The problem: When copying the listing below, skip every picture and repeat exactly the lines from the first one through the line that contains "28 razbudimenya 1".

Data supplied:

◇ ◇ ◇ ◇

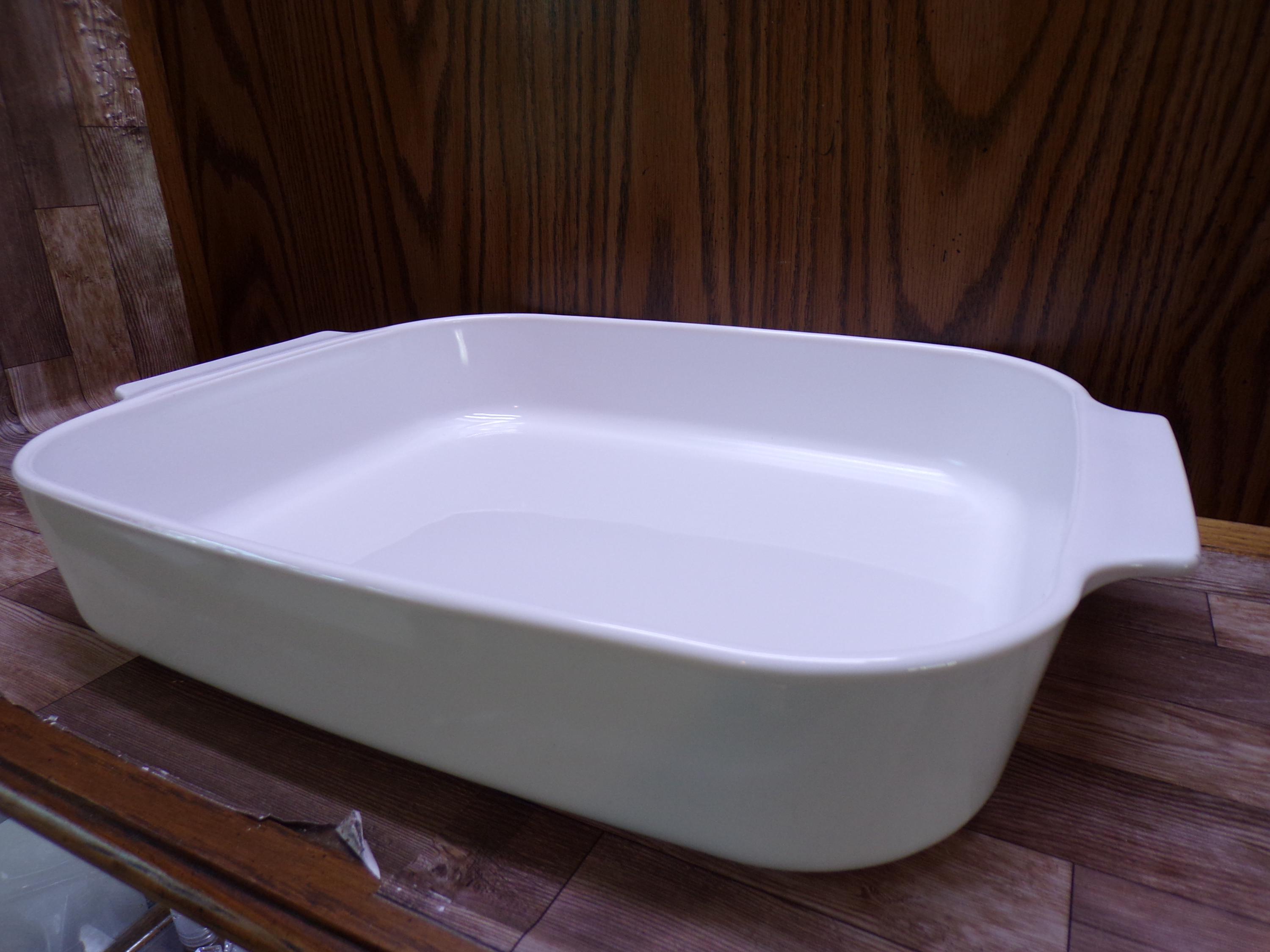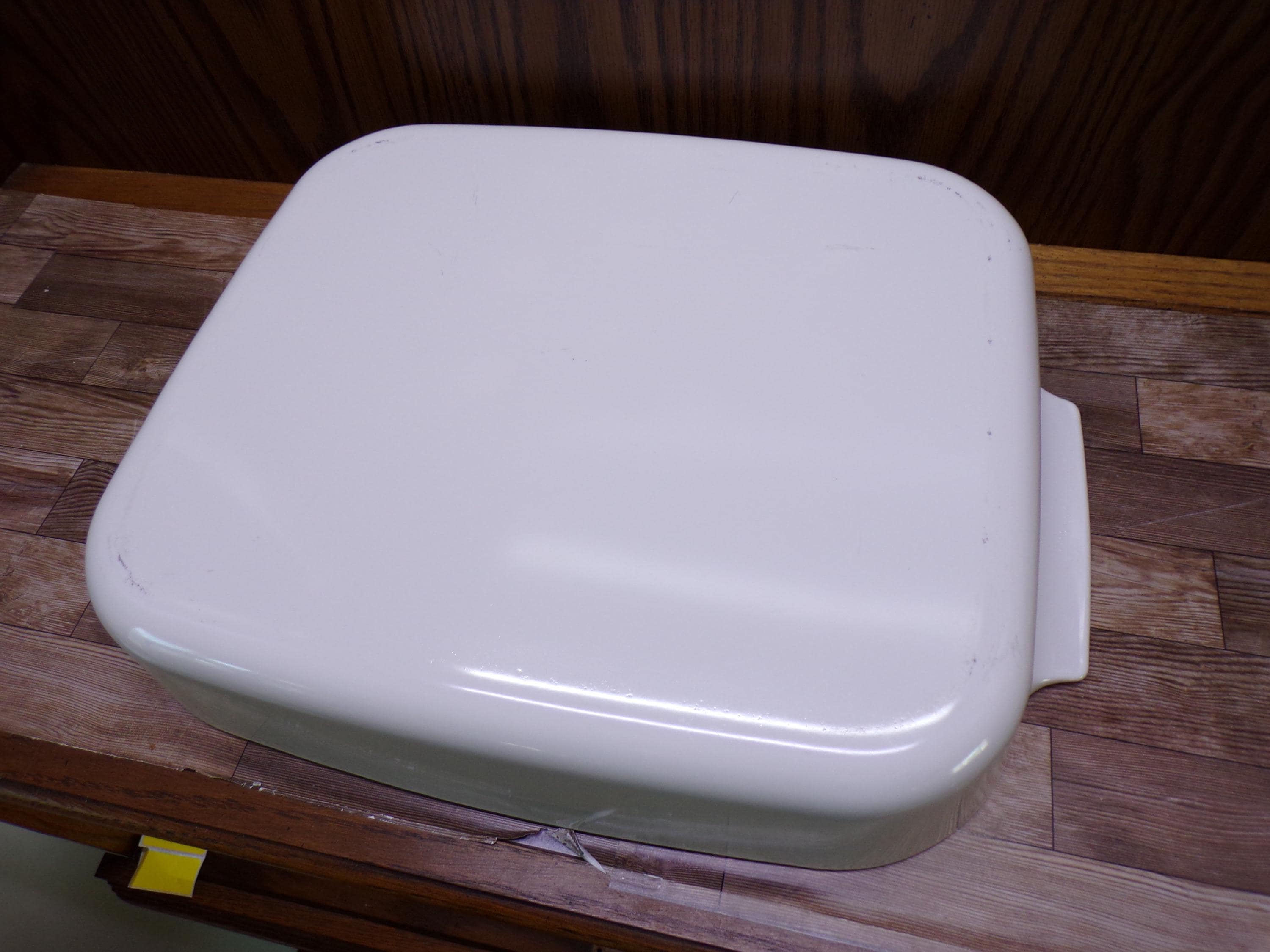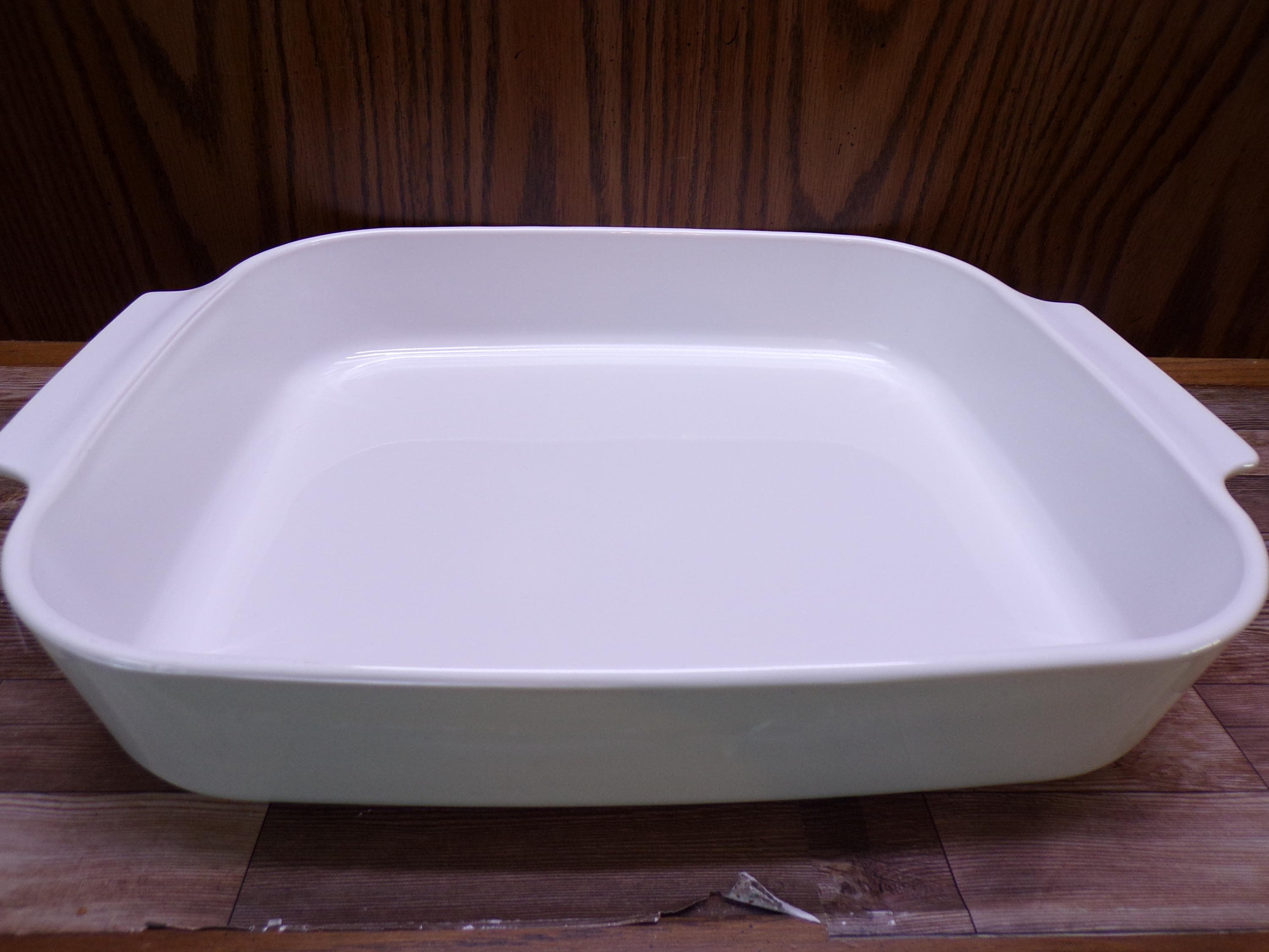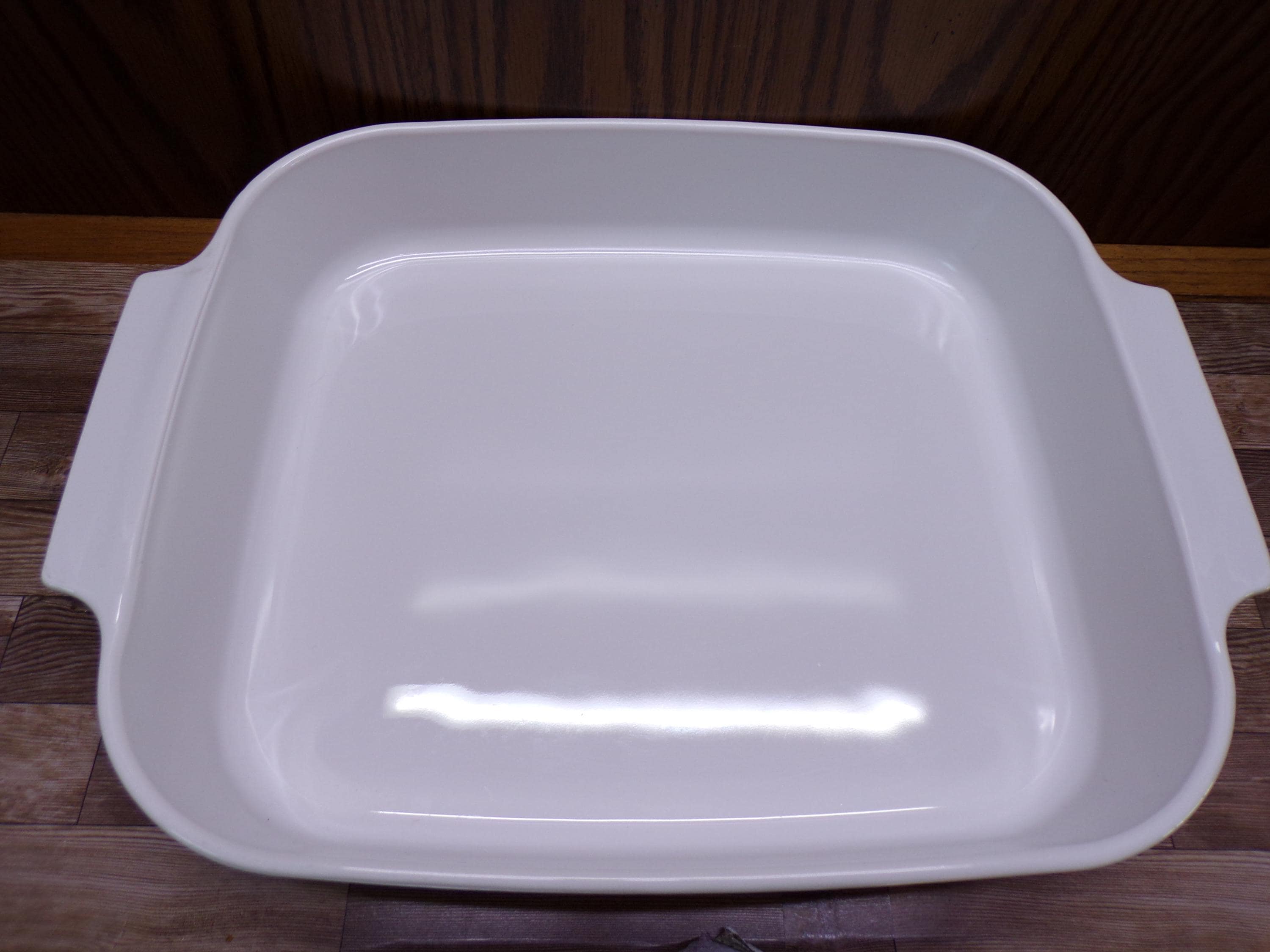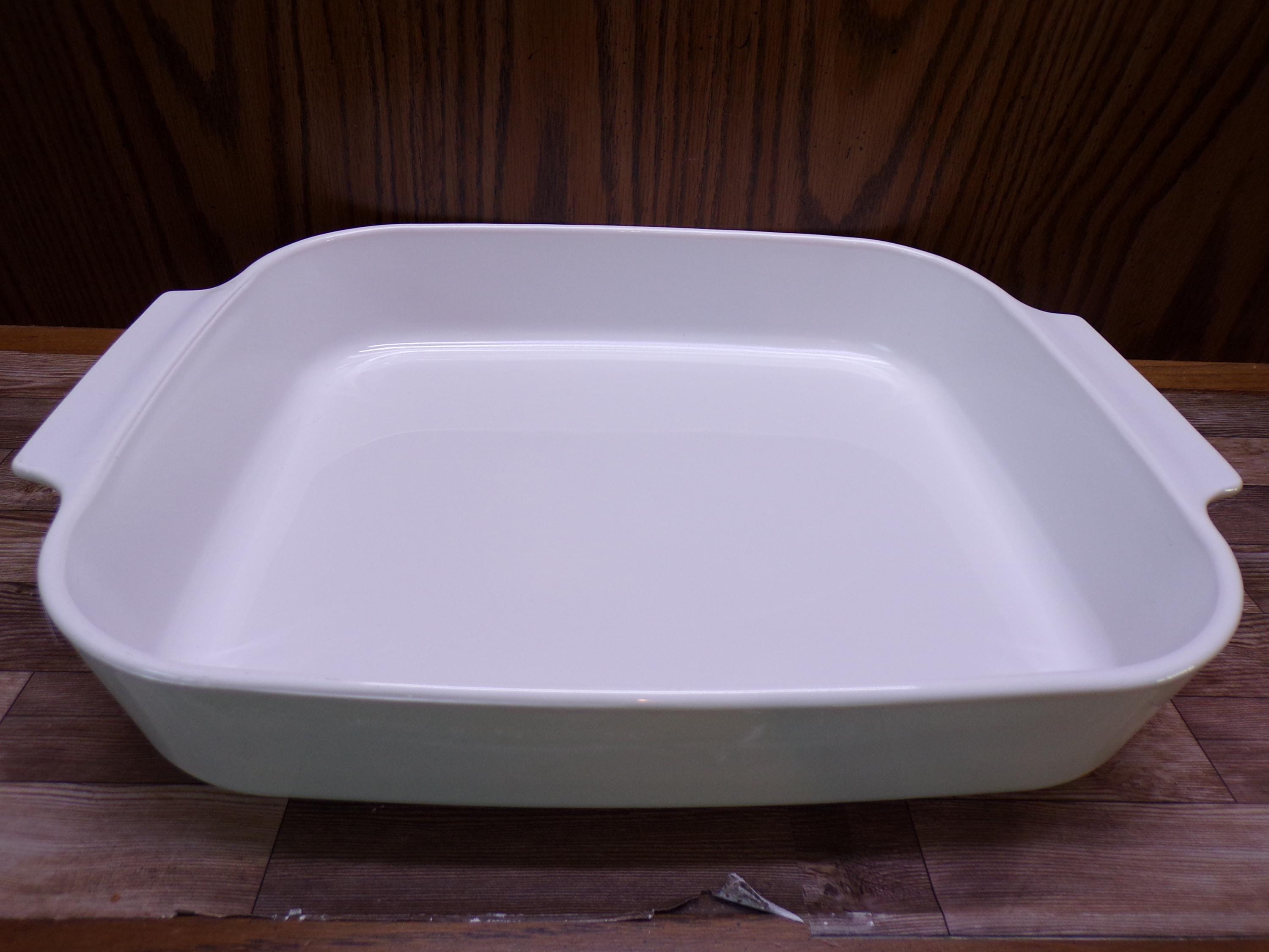 2511 Corning Ware White 4L Stoneware 12" X 10" Lasagna Casserole Baking Pan F-21-B-N Ribbed White - Good Condition Scuff Marks on Bottom
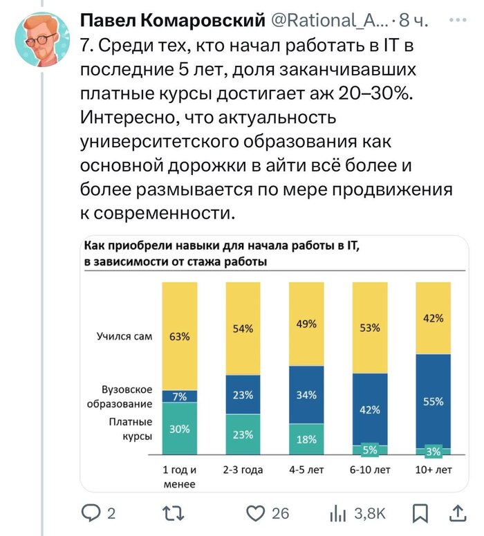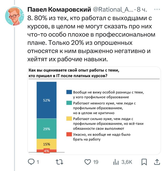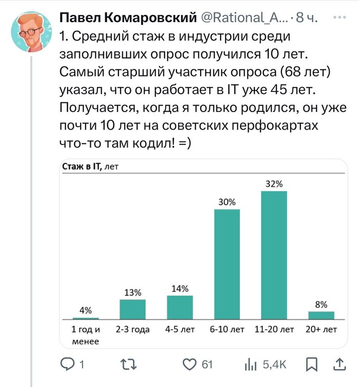 28 razbudimenya 1 год назад Баяны Примерно 20% джунов врут в резюме Парень опросил айтишников о работе и составил огромный тред с результатами.Не завидуем. Показать полностью 10 X (Twitter) Скриншот IT Джун Тред Длиннопост Ещё 0
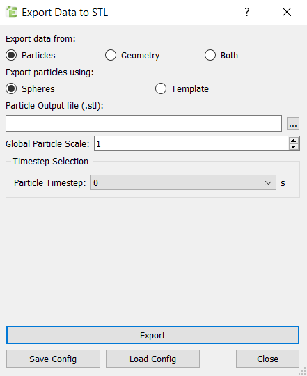 For Specify Export Data from Particles Select to export data from particles. Geometry Select to export data from Geometries. Both Select to export both Geometries and particles. Export particles using Spheres Select to export Multi-Sphere shapes. Template Select to apply an input CAD template to the particle. Particle Output file (.stl) Click to navigate to the particle output file that generates a name for the exported .stl. Global Particle Scale Select a value from the dropdown list to apply a single value scale to the spheres/templates. This will use the correct particle position but adjust the size of the particles based on the input scale. Timestep Selection Particle Timestep Select the appropriate Time Step for the particle export. - Click Export to write the .axdt file containing the load data for importing into ANSYS Workbench and the file containing the information on the particle manual selection.
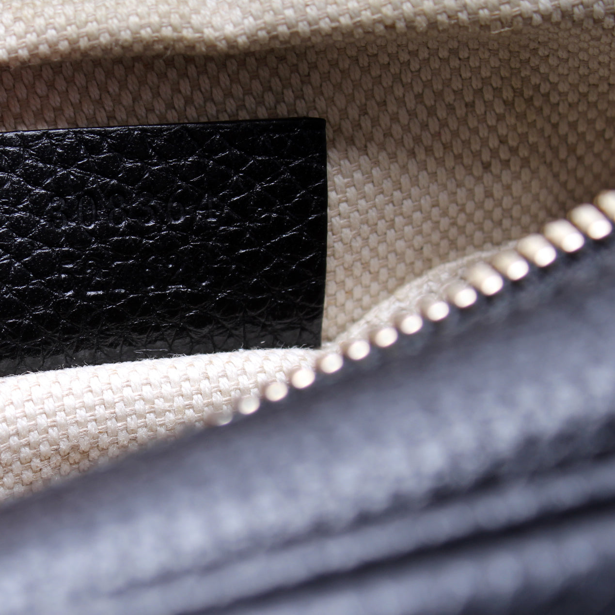 This Gucci Soho Disco Crossbodyis eye catching bag. The exterior is in the classic Gucci Soho leather.
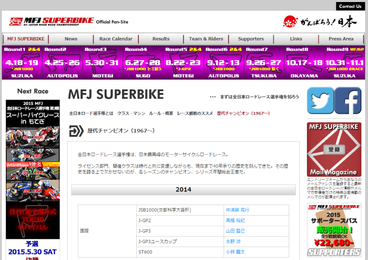 HPを探索していると、全日本ロードレース選手権のページを発見しました! http://www.superbike.jp/superbike/page5.html
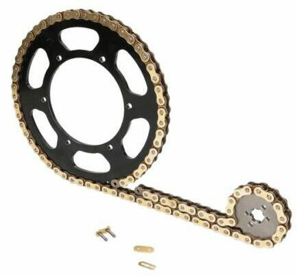 Első lánckerék sárkidobós JTF 1901SC. 13 - hátsó lánckerék acél, fekete JTR 897.52ZBK - DID Japan meghajtólánc 520. VX3.120-GOLD X-gyűrűs, 100 LE-ig, aranyozott - lánc hossz: vagy a gyári, vagy annál hosszabb láncot szállítunk, a lánc levágható a kívánt hosszra - az itt jelzett gyári áttételtől bármilyen eltérő fogszámú lánckereket is tudunk szállítani. Biztos
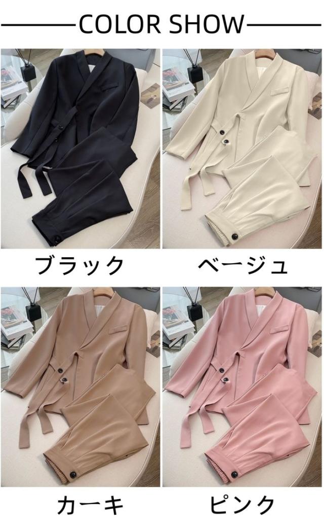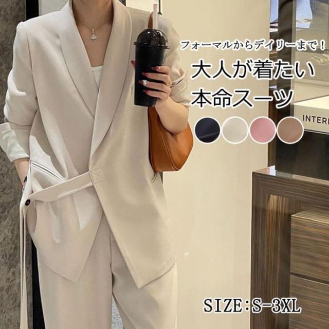パンツスーツ レディース 長袖 セットアップ 2点セット ジャケット パンツ 体型カバー 卒業式 入学式 春秋
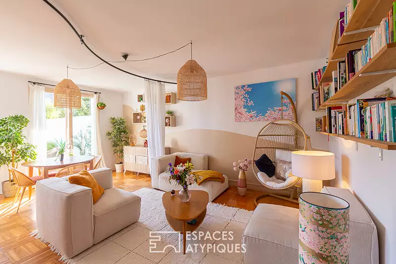 SEULEMENT CHEZ ESPACES ATYPIQUES Nichée dans un quartier calme et recherché du quartier de Saint- Michel sur Saint-Brieuc, découvrez cette perle rare. Cet appartement traversant de 91 m² au premier étage entièrement rénové par une décoratrice, offre une ambiance résolument contemporaine et un style unique. Une adresse de choix pour les acquéreurs en quête d'un bien qui sort de l'ordinaire, où la vie s'articule entre intérieur et extérieur avec une terrasse ensoleillée et un garage. Dès l'entrée, un agencement fluide mène à une vaste pièce de vie lumineuse sur parquet. Elle intègre une cuisine moderne de 2019, aménagée et équipée, qui s'ouvre sur un séjour spacieux. La douceur des couleurs et des matières naturelles invite au bien-être. De grandes ouvertures donnent accès à une terrasse intimiste. L'espace nuit, accessible via un dégagement, se compose de deux chambres, dont une avec dressing. Une salle d'eau à double vasque et des toilettes séparées complètent cette partie. Le bien dispose aussi d'une loggia ingénieusement transformée en coin lecture ou en bureau, un espace de travail inspirant ou de détente au soleil. La situation de ce bien immobilier est idéale. Le centre-ville, les écoles et les commerces sont facilement accessibles à pied. Ce qui distingue cet appartement atypique, c'est sa terrasse exposée Sud-Est, baignée de lumière et préservée avec peu de vis-à-vis, créant un havre de paix en milieu urbain. Le garage et la cave sont des atouts supplémentaires précieux. Une opportunité unique de s'installer dans un lieu de vie d'exception, alliant confort, style et fonctionnalité. Le chauffage est au gaz collectif avec des pontages individuels sur les radiateurs, et l'eau est chauffée de manière individuelle avec la chaudière au gaz située dans la cuisine. Les informations sur les risques auxquels ce bien est exposé sont disponibles sur le site Géorisques : www. georisques.gouv.fr CLASSE ENERGIE : D/ CLASSE CLIMAT : D Montant estimé des dépenses annuelles d'énergie pour un usage standard : entre 1100 euros et 1540 euros par an. Prix moyens des énergies indexés sur les années 2021, 2022, 2023 257 250 euros honoraire inclus / 245 000 euros hors honoraire / honoraires : 5 % à la charge de l'acquéreur. (5.00 % honoraires TTC à la charge de l'acquéreur.)

◇ ◇ ◇ ◇

Answer box:
 2511 Corning Ware White 4L Stoneware 12" X 10" Lasagna Casserole Baking Pan F-21-B-N Ribbed White - Good Condition Scuff Marks on Bottom
 28 razbudimenya 1 год назад Баяны Примерно 20% джунов врут в резюме Парень опросил айтишников о работе и составил огромный тред с результатами.Не завидуем. Показать полностью 10 X (Twitter) Скриншот IT Джун Тред Длиннопост Ещё 0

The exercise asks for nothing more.